>>>>>

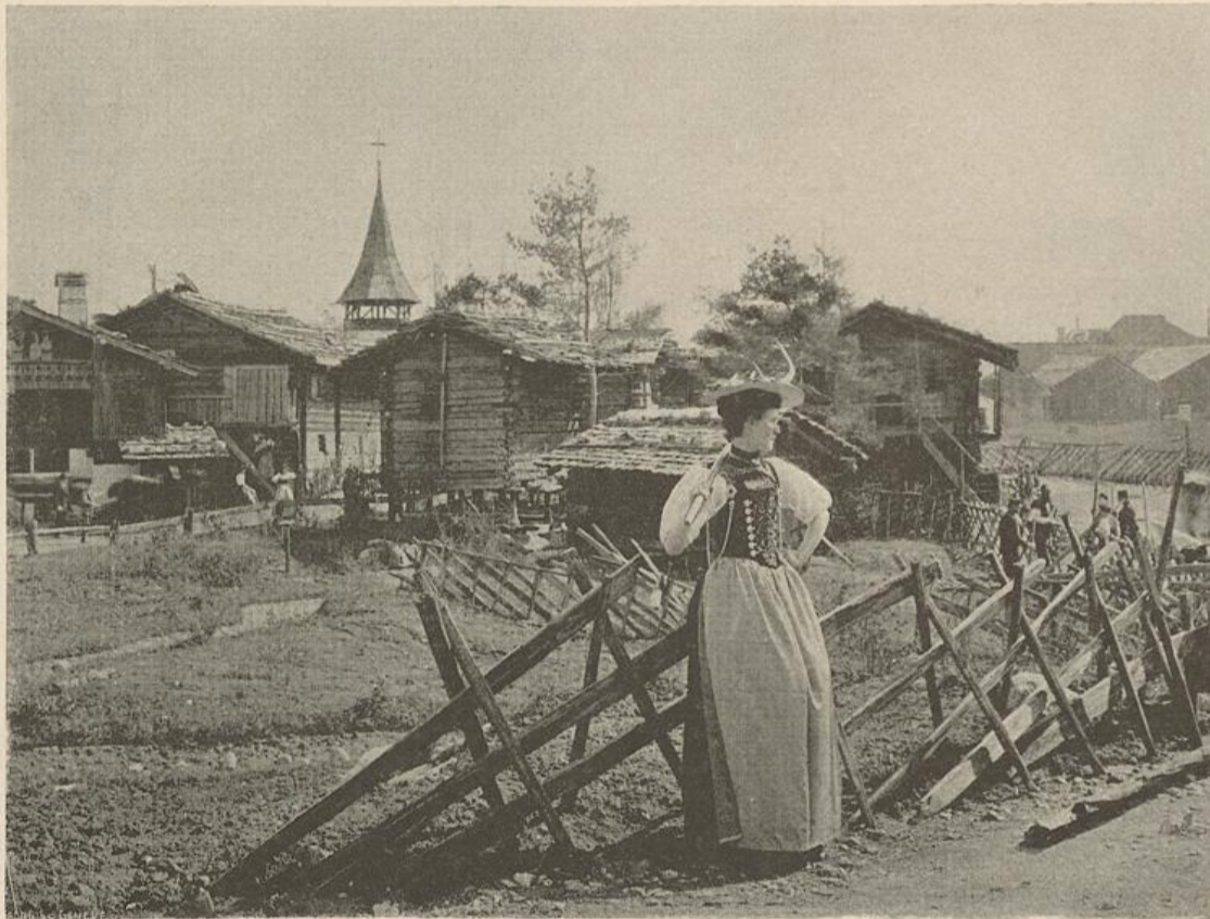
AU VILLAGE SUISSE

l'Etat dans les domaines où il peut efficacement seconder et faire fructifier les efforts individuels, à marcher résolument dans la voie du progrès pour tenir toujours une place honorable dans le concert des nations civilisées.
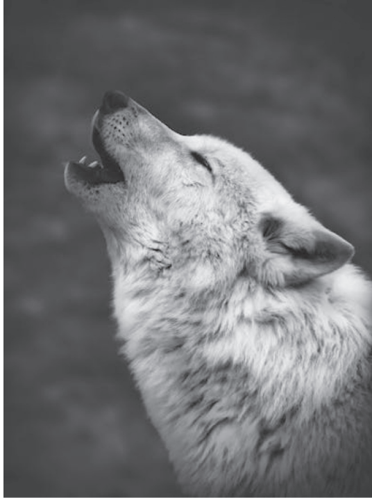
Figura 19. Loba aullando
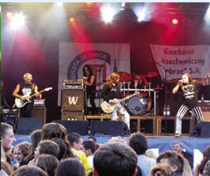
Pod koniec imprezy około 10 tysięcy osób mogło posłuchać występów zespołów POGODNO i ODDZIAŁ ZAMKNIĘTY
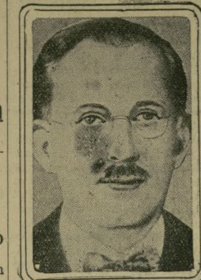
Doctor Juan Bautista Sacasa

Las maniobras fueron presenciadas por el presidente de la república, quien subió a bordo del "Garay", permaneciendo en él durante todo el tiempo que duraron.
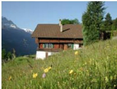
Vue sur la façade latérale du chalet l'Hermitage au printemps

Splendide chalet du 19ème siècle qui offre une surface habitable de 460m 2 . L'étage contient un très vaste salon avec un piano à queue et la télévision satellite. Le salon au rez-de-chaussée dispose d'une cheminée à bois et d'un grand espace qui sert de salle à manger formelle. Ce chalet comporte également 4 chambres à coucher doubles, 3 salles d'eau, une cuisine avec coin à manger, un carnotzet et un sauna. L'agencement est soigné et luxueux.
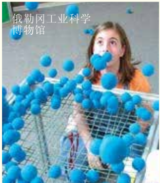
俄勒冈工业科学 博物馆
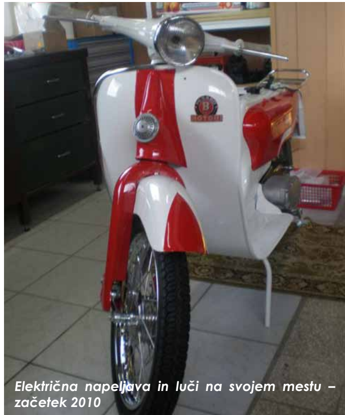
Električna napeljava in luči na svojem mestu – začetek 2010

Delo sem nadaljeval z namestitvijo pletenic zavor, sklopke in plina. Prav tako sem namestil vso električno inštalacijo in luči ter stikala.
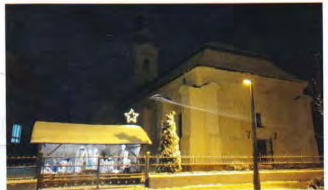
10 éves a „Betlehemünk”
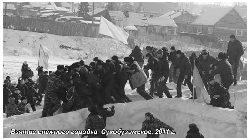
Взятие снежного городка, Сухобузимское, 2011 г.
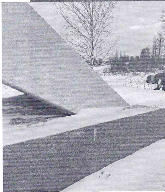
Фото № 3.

<<<<<

▸ **The problem**
Reproduce exactly, and only, the lines from the opening line of the listing above through the line holding "Figura 19. Loba aullando", minus the pictures.

▸ **Solution for this problem**
AU VILLAGE SUISSE

l'Etat dans les domaines où il peut efficacement seconder et faire fructifier les efforts individuels, à marcher résolument dans la voie du progrès pour tenir toujours une place honorable dans le concert des nations civilisées.
Figura 19. Loba aullando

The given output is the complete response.